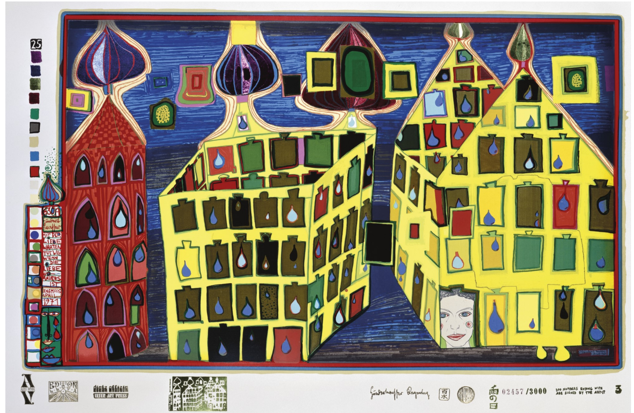
Friedensreich Hundertwasser Waiting with love hurts when love is somewhere else, colour serigraphy, 1971/1972. © 2023 NAMIDA AG, Glarus, Schweiz

As early as 1970, he wrote the 'Peace Treaty with Nature'. Ecological appeals became his main artistic activity. In addition to his painterly, graphic and architectural works, he created three large-scale biotopes and planted hundreds of thousands of trees there. The areas in France, Venice and New Zealand are still preserved today.
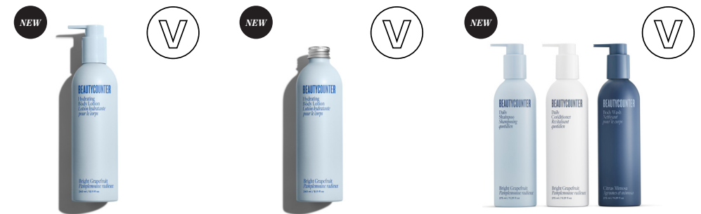
Hydrating Body Lotion in Bright Grapefruit $29 USD | 38 CAD$

A daily solution for the whole family—relieves, soothes, and calms dry, cracked skin. Packaged in a PCR resin tube.** SKU 100001093 85 g / 3 oz
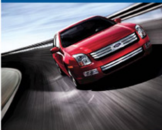
2009 Ford Fusion SEL
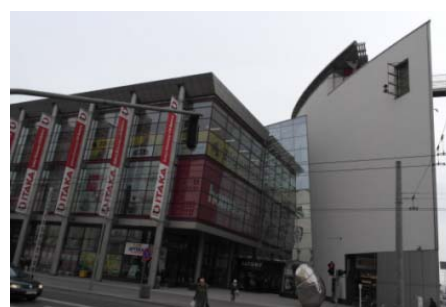
Figure 8. Batory Shopping Centre, Gdynia, 10-go Lutego street, Poland

Present-day architects take a dim view of ornamental overkill in their designs, and even speak about its dangers [6]. However, the popular tendency to decorate buildings has remained, with naval references appearing, to a larger or lesser extent, in the outer form of buildings.
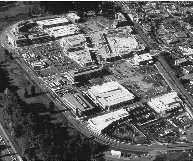
Redmond Town Center
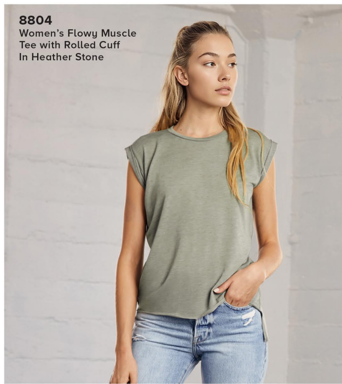
8804 Women's Flowy Muscle Tee with Rolled Cuff In Heather Stone
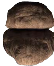
GNOME STACKED STONE SCULPTURE
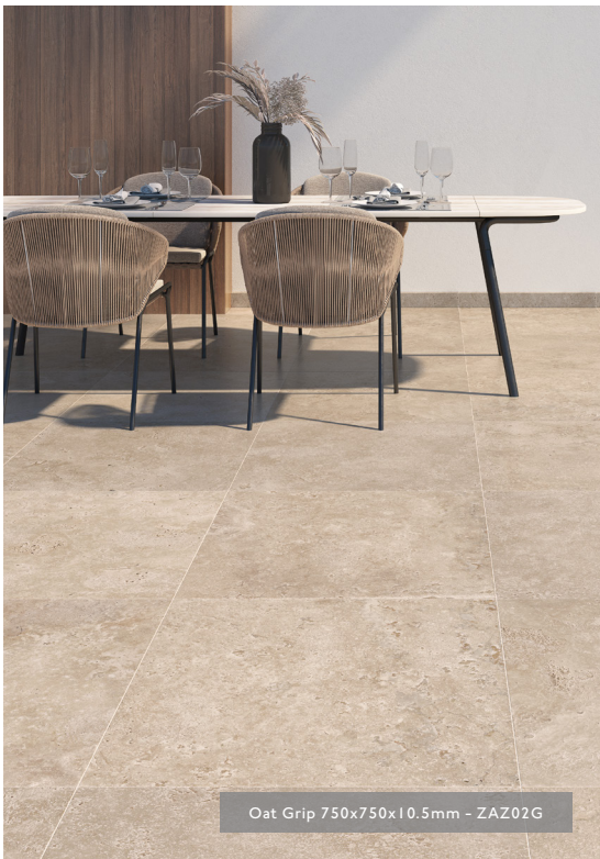
Oat Grip 750x750x10.5mm - ZAZ02G
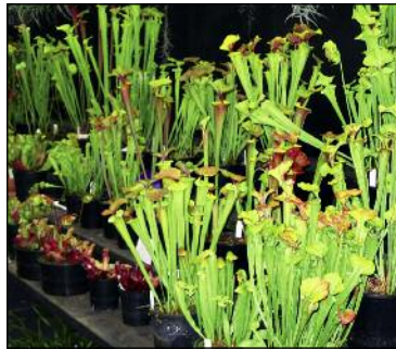
The 2006 Sarracenia display.
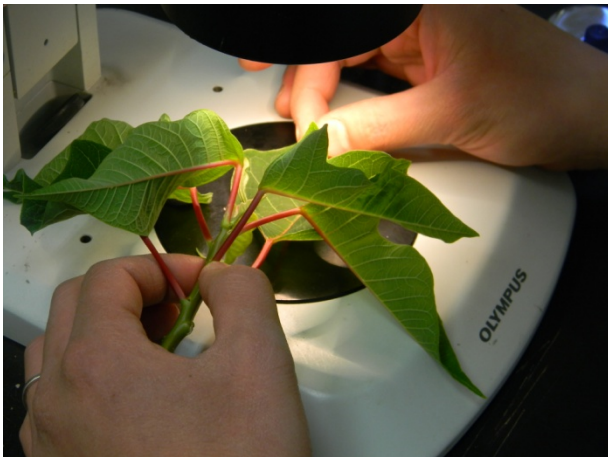
Counting whiteflies on a poinsettia cutting
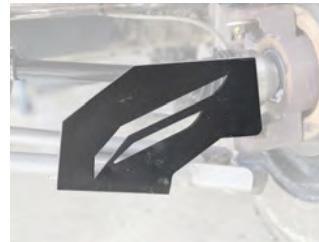
CV Guards PN: 18975-R
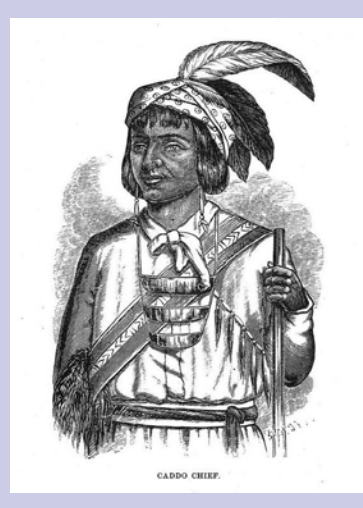
Caddo Chief, from a Pictorial History of Texas .

By the early 1840s, all Caddo groups had moved to the Brazos River area to escape colonization efforts. They remained there until they were placed on the Brazos Indian Reservation in 1855, and then in 1859 the Caddos were removed to the Washita River in Indian Territory by the superintendent of Indian affairs in Texas. During the American Civil War, the Caddo abandoned the reservation and moved to southern and eastern Kansas but return to their reservation by 1867. By 1874 the Caddo reservation's boundaries were defined and the separate Caddo tribes unified.

━━━━━━━━━━━━━━━━━━━━━━━━━━━━━━

▸ TASK DETAILS
Output all the data, exactly, without images.

▸ RESPONSE AREA
Friedensreich Hundertwasser Waiting with love hurts when love is somewhere else, colour serigraphy, 1971/1972. © 2023 NAMIDA AG, Glarus, Schweiz

As early as 1970, he wrote the 'Peace Treaty with Nature'. Ecological appeals became his main artistic activity. In addition to his painterly, graphic and architectural works, he created three large-scale biotopes and planted hundreds of thousands of trees there. The areas in France, Venice and New Zealand are still preserved today.
Hydrating Body Lotion in Bright Grapefruit $29 USD | 38 CAD$

A daily solution for the whole family—relieves, soothes, and calms dry, cracked skin. Packaged in a PCR resin tube.** SKU 100001093 85 g / 3 oz
2009 Ford Fusion SEL
Figure 8. Batory Shopping Centre, Gdynia, 10-go Lutego street, Poland

Present-day architects take a dim view of ornamental overkill in their designs, and even speak about its dangers [6]. However, the popular tendency to decorate buildings has remained, with naval references appearing, to a larger or lesser extent, in the outer form of buildings.
Redmond Town Center
8804 Women's Flowy Muscle Tee with Rolled Cuff In Heather Stone
GNOME STACKED STONE SCULPTURE
Oat Grip 750x750x10.5mm - ZAZ02G
The 2006 Sarracenia display.
Counting whiteflies on a poinsettia cutting
CV Guards PN: 18975-R
Caddo Chief, from a Pictorial History of Texas .

By the early 1840s, all Caddo groups had moved to the Brazos River area to escape colonization efforts. They remained there until they were placed on the Brazos Indian Reservation in 1855, and then in 1859 the Caddos were removed to the Washita River in Indian Territory by the superintendent of Indian affairs in Texas. During the American Civil War, the Caddo abandoned the reservation and moved to southern and eastern Kansas but return to their reservation by 1867. By 1874 the Caddo reservation's boundaries were defined and the separate Caddo tribes unified.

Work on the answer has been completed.